Monday, March 31, 2014

The Half-Empty Archive

Cliff Lynch invited me to give one of UC Berkeley iSchool's "Information Access Seminars" entitled The Half-Empty Archive. It was based on my brief introductory talk at ANADP II last November, an expanded version given as a staff talk at the British Library last January, and the discussions following both. An edited text with links to the sources is below the fold.

Friday, March 28, 2014


We were asked if the CLOCKSS Archive uses PREMIS metadata. The answer is no, and a detailed explanation is below the fold.

Tuesday, March 18, 2014

Krste Asanović Keynote at FAST14

The standout presentation at Usenix's FAST conference this year was Krste Asanović's keynote on UC Berkeley's ASPIRE Project. His introduction was:
The first generation of Warehouse-Scale Computers (WSC) built everything from commercial off-the-shelf (COTS) components: computers, switches, and racks. The second generation, which is being deployed today, uses custom computers, custom switches, and even custom racks, albeit all built using COTS chips. We believe the third generation of WSC in 2020 will be built from custom chips. If WSC architects are free to design custom chips, what should they do differently?
There is much to think about in the talk, which stands out because it treats the entire stack, from hardware to applications, in a holistic way.

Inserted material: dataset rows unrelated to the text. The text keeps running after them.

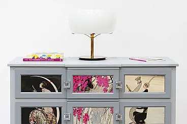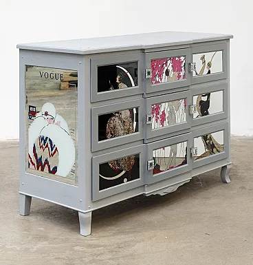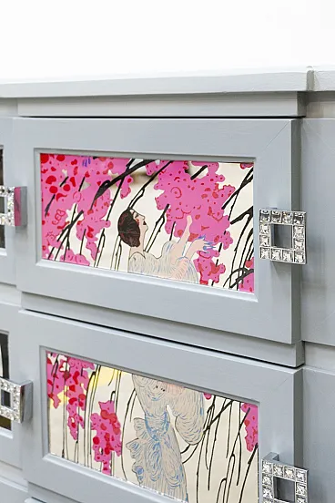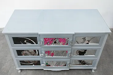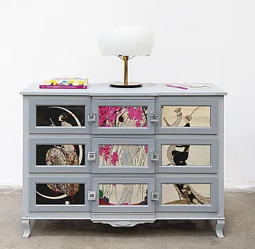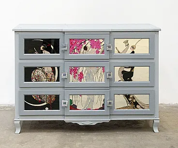 Cassettiera artigianale in legno di pero e teak, anni '20
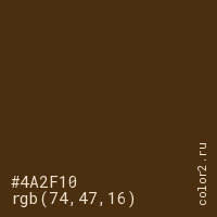 Цвет #4A2F10 в цветовой модели RGB обозначается тремя октетами (74, 47, 16) в десятичном формате и #4A2F10 в шестнадцатиричном (hex) формате, которые являются интенсивностью красного 74 (hex 4A), интенсивность зелёного 47 (hex 2F) и интенсивность синего 16 (hex 10).
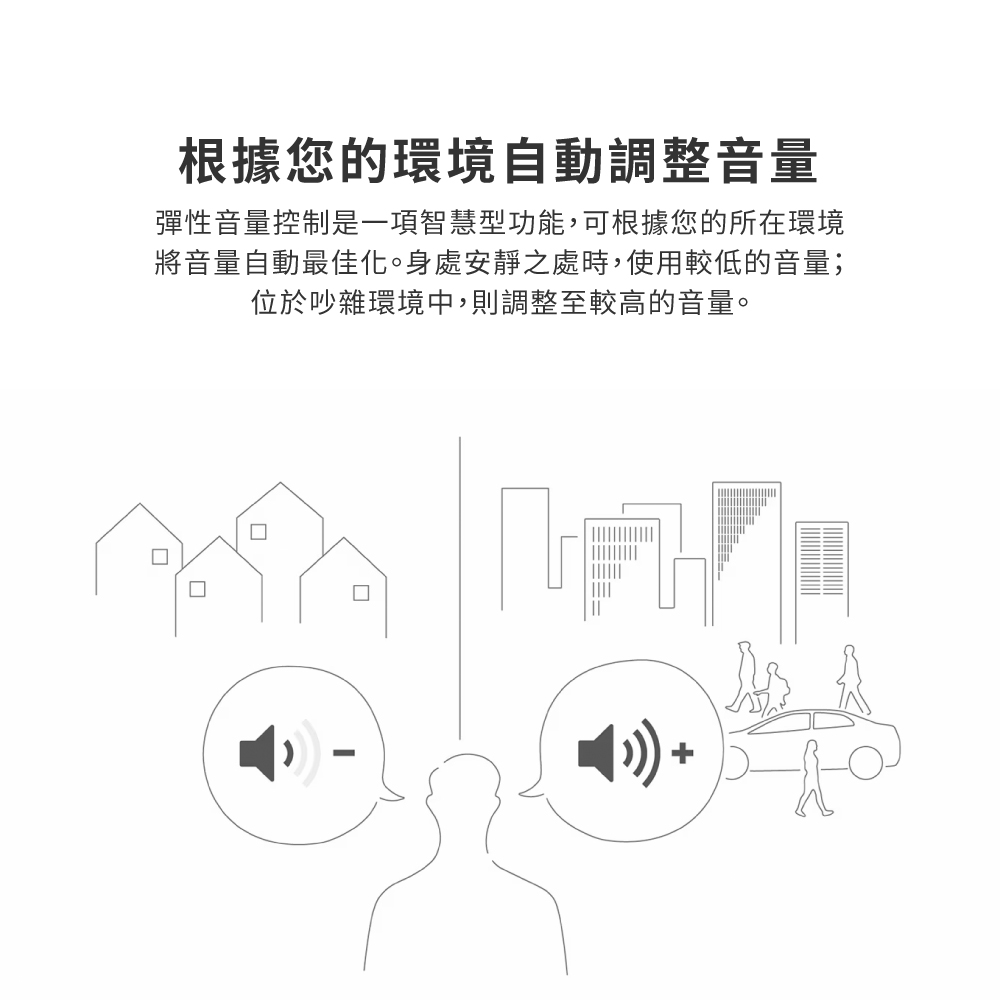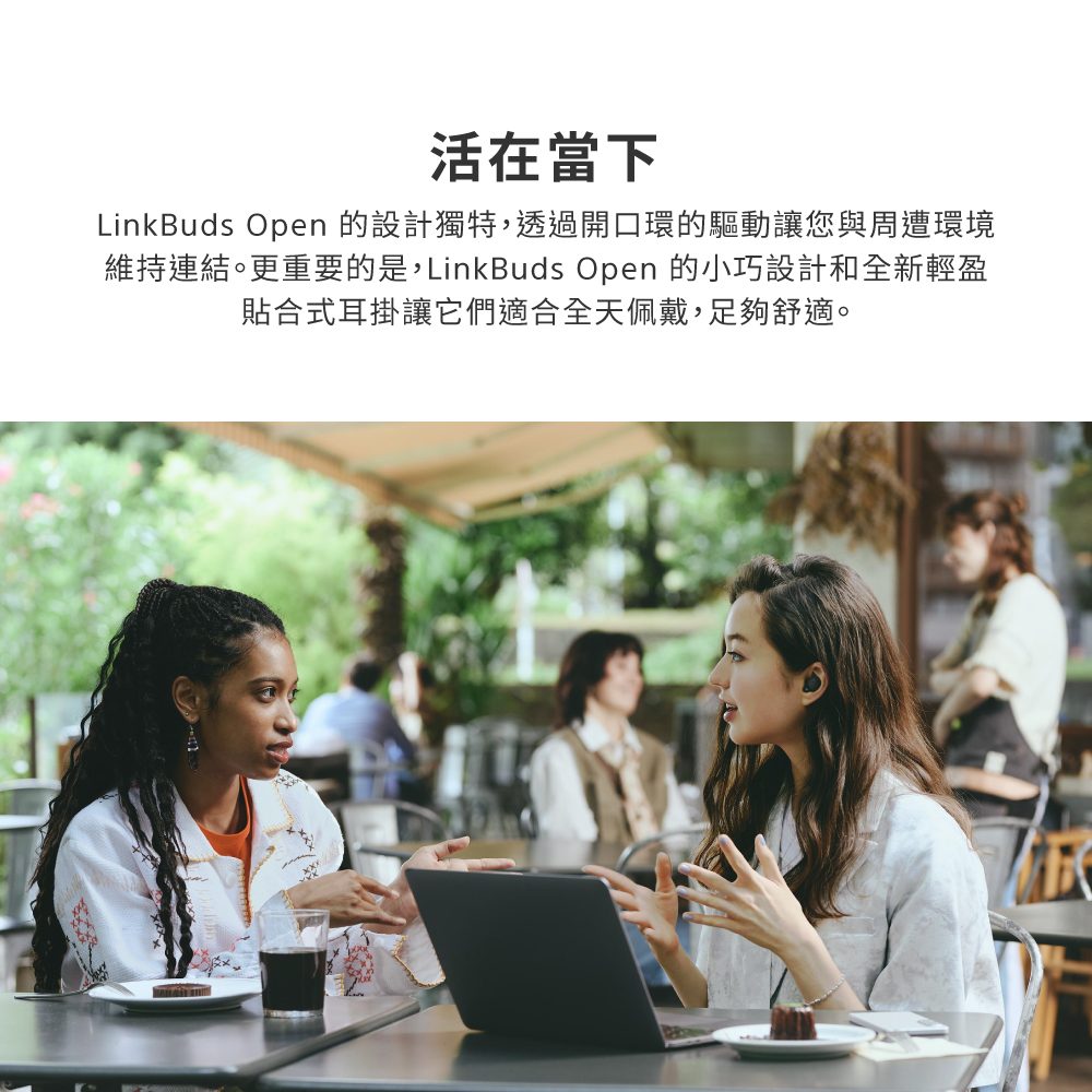 - 具有通透音效的開放式環狀設計,串連您的線上世界和現實生活
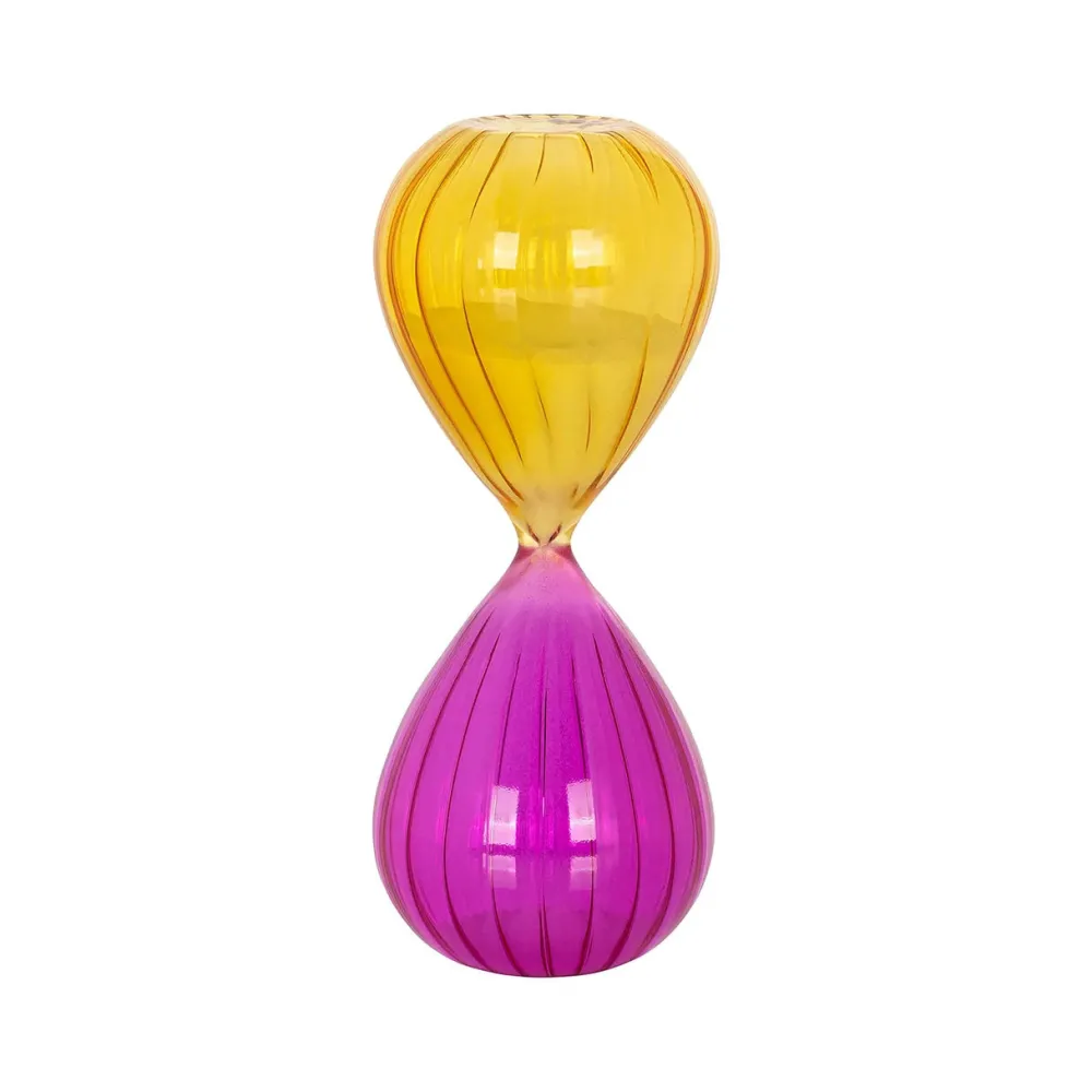 De zandloper Jahla heeft een glazen constructie met tinten van paars en geel. Het zand binnenin is neutraal, terwijl het gekleurde glas zorgt voor een subtiele weergave van tijd die verstrijkt. Het is een bescheiden en tegelijkertijd esthetisch object, geschikt voor diverse interieurs.
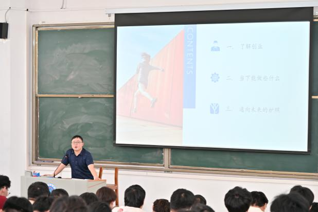 优秀员工陈龙作为主讲嘉宾,分享了其创办企业的奋斗历程。在校期间即开启创业之路,2018年通过家政服务实现学费生活费自理,同年创立公司。面对2019年底突发的经营困境,他带领团队坚定信念,突破创新,将公司从单一清洁服务拓展至批发零售、3D打印、装饰装修等多领域,形成12人专业团队。关于创业,他的感悟是“越努力,越幸运”,不怕困难,勇于创新,成功在于一步步坚持;他特别强调"目标导向、团队协作"的重要性,用"创业就是不断解决问题的过程"激励在场学子。
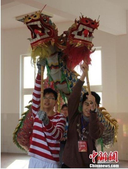 “扎马步”、“踢腿冲拳”、“舞龙”,12月25日,参加2011年海外华裔青少年“中国寻根之旅”冬令营湖南营的近150名华裔青少年,体验了一堂独特的中国武术和中国民族舞蹈课。

It is well worth your time to read the slides and watch the video. Below the fold, I have some comments.

Monday, March 17, 2014

Seagate's Kinetic hard drives

I was impressed by Seagate's announcement last October of their Kinetic Open Storage Platform and blogged about it at the time. I should have paid more attention. My ex-colleague at Sun, Geoff Arnold, who knows far more than I do about scale-out systems (he worked at Amazon) also blogged about the announcement, and his post is so worth reading that it got over 40K hits in the first two weeks! You should join the crowd.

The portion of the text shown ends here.